Sequential Anomaly Detection in Highly Imbalanced Data
Author | : Ayman Alazizi |
Publisher | : |
Total Pages | : 0 |
Release | : 2020 |
ISBN-10 | : OCLC:1259439281 |
ISBN-13 | : |
Rating | : 4/5 ( Downloads) |
Download or read book Sequential Anomaly Detection in Highly Imbalanced Data written by Ayman Alazizi and published by . This book was released on 2020 with total page 0 pages. Available in PDF, EPUB and Kindle. Book excerpt: Technological development has greatly contributed to the growth of e-commerce and boosted the confidence of clients in using their credit cards. However, the problem of credit card fraud has also expanded, resulting in billions of dollars in financial losses. Thus, designing fraud detection systems that reduce these losses is very important. As a result, many researchers are working to create fraud detection systems based on advanced machine learning techniques to help fraud investigators detect fraud patterns early.
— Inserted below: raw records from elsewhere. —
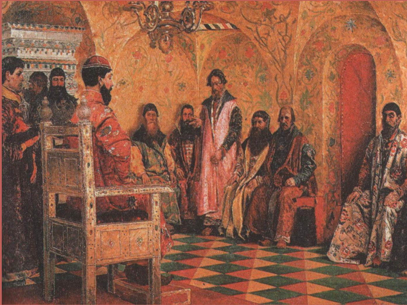
Рябушкин А. Боярская дума при Михаиле Романове
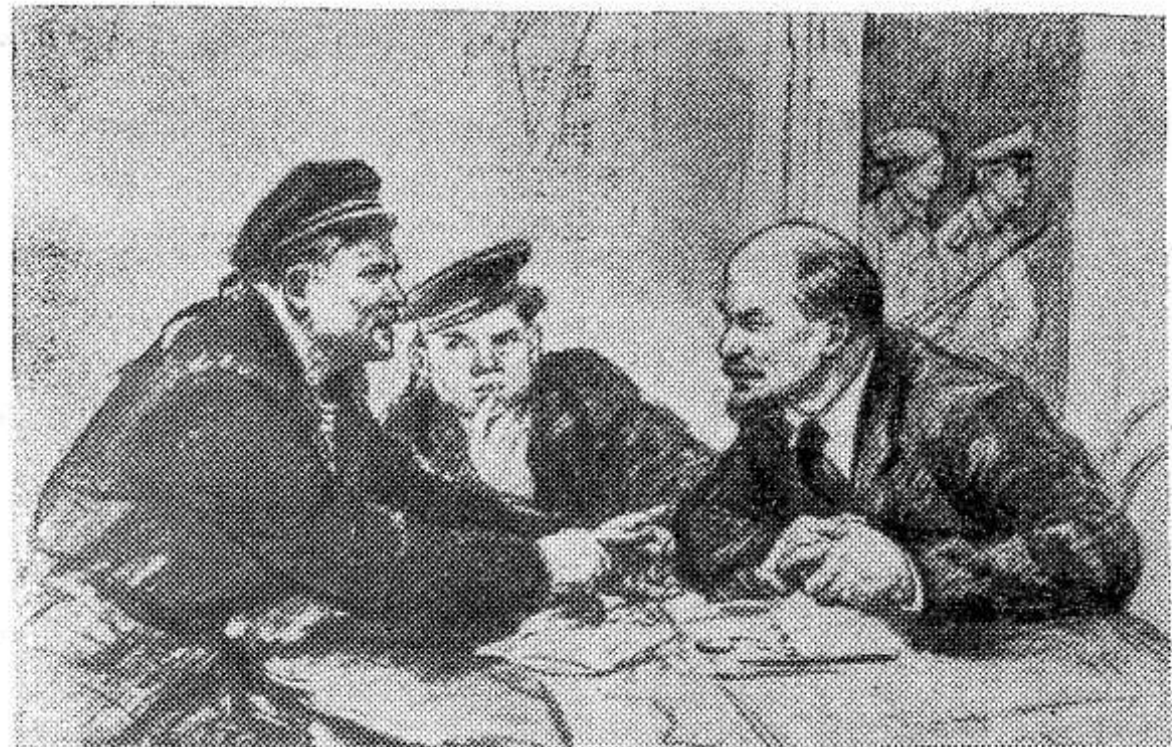
«Вести с фронта».
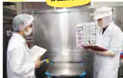
調理施設の調査や指導
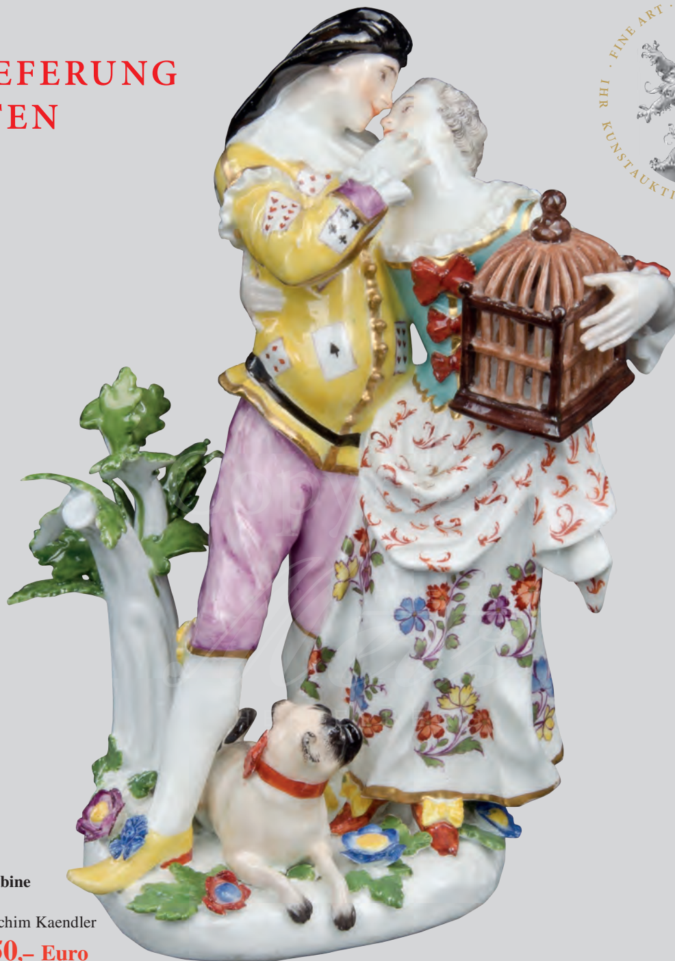
Skaramuz und Columbine Meissen 1740-45 Modell von Johann Joachim Kaendler
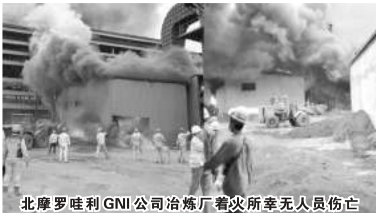
北摩罗哇利 GNI 公司冶炼厂着火所幸无人员伤亡

【本报讯】12月28日下午，中苏拉威西省(中苏省)北摩罗哇利县(Morowali Utara)一家冶炼厂 Gunbuster Nickel Industri (GNI) 公司发生火灾。火灾事件的视频在社交媒体上疯传。
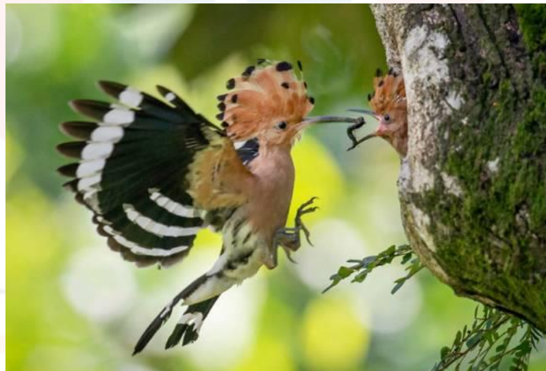
Gambar 4.3: Pasangan burung jantan dan betina spesies itu mula dikesan membuat sarang di Pokok Jemerlang

semulajadi ini wajar diiktiraf sebagai tapak warisan semulajadi di Malaysia dan dunia, seramai 233 orang responden (94%) memilih jawapan ya, manakala jawapan tidak seramai 15 orang responden (6%). Soalan kedua dalam bahagian ini menyatakan pada tahun 2021, burung Hud-Hud memilih Taman Tasik Taiping sebagai destinasi persinggahan dalam proses pembiakan burung tersebut, ia menjadikan kawasan taman tasik ini merupakan alam semulajadi yang sesuai sebagai persinggahan haiwan yang unik kerana persekitaran yang segar dan tenang, majoriti responden iaitu sebanyak 212 orang (85.5%) menyatakan ya dan seramai 36 orang responden (14%) menyatakan tidak berkenaan persinggahan burung hud-hud ini.
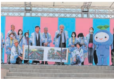
東区演舞台に参加した安曇野市どんたく隊

志賀島は、古くから漁業や海運業に従事する海人の根拠地として、また国内外を行き交う海上航行の要所として知られていました。志賀島南側の小高い山にある志賀海神社は、海を守る神社として知られ、2世紀ごろに創建されたといわれています。中国春秋時代の紀元
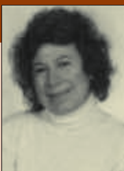
Γράφει η Λαογράφος Σούλα Τόσκα-Κάμπα
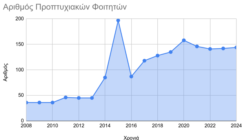
Εικόνα 1: Εξέλιξη του αριθμού των εισερχόμενων φοιτητών στο ΠΠΣ

Στην Εικόνα 1 φαίνεται ο αριθμός των νεοεισερχόμενων φοιτητών στο προπτυχιακό πρόγραμμα σπουδών. Στο πρόγραμμα λειτουργεί και δέχεται φοιτητές τα τελευταία 17 έτη, στα οποία έχουν εγγραφεί συνολικά 962 προπτυχιακοί. Η συντριπτική πλειοψηφία των αποφοίτων του Τμήματος εργάζονται στον ιδιωτικό τομέα, προσφέροντας κυρίως στην ανάπτυξη εφαρμογών σε σύγχρονα περιβάλλοντα (Web, mobile, cloud), και στη διαχείριση και ανάλυση δεδομένων. Επίσης, προσφέρουν έργο ως διαχειριστές συστημάτων σε εταιρείες λογισμικού και άλλους οργανισμούς. Κάποιοι απόφοιτοι προσλαμβάνονται επίσης και σε εκπαιδευτικούς οργανισμούς ενώ αξιοσημείωτο είναι ότι κάποιοι έχουν ξεκινήσει τις δικές τους νεοφυείς επιχειρήσεις. Όλοι σχεδόν οι απόφοιτοι βρίσκουν εργασία μέσα σε 6 μήνες από τη στιγμή που θα μπουν στην αγορά εύρεσης εργασίας. Πάνω από τους μισούς απόφοιτους του Τμήματος συνεχίζουν τις σπουδές τους για μεταπτυχιακούς τίτλους, ενώ το 30% να συνεχίζει στο εξωτερικό, κατά κύριο λόγο στη Μεγάλη Βρετανία, τη Γερμανία, την Ολλανδία και τη Γαλλία, ωστόσο υπάρχουν και κάποιοι που προτιμούν τις ΗΠΑ, τον Καναδά και την Αυστραλία. Πολλοί απόφοιτοι έχουν πάρει υποτροφίες για τη συνέχιση των σπουδών τους σε μεταπτυχιακό επίπεδο, και σε επίπεδο διδακτορικού. Τα ανωτέρω στοιχεία βασίζονται στην αναλυτική μελέτη με ποσοστό συμμετοχής που ξεπέρασε το 40% των αποφοίτων και πραγματοποιήθηκε το 2021-22 από τη Γραμματεία του Τμήματος
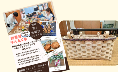
親慶原(玉城) ゆんたく会の開催 クラフトづくりなど

Building machine learning algorithms to identify fraudulent transactions is a challenging task. Therefore, in this thesis, we highlight some complex challenges that appear in real world datasets, such as: the extremely unbalanced data, i.e. fraudulent transactions represent a small part of all transactions, the concept drift resulting from changes in fraudsters' behaviours and buying strategies over time and the overlap between genuine and fraudulent transactions. We also focus on the human errors issue, which is one of the main reasons for noisy labels. In addition to the previous challenges, we also show the importance of handcrafted features that could resume sequential information. However, these features are time and money consuming. To overcome these challenges, we also proposed a new approach to leverage the sequential information and manage the problem of imbalanced data in order to extract features automatically instead of handcrafted features. Empirical results on real data sets of credit card transactions show that our approach is efficient, accurate and improves the performance of the classification model.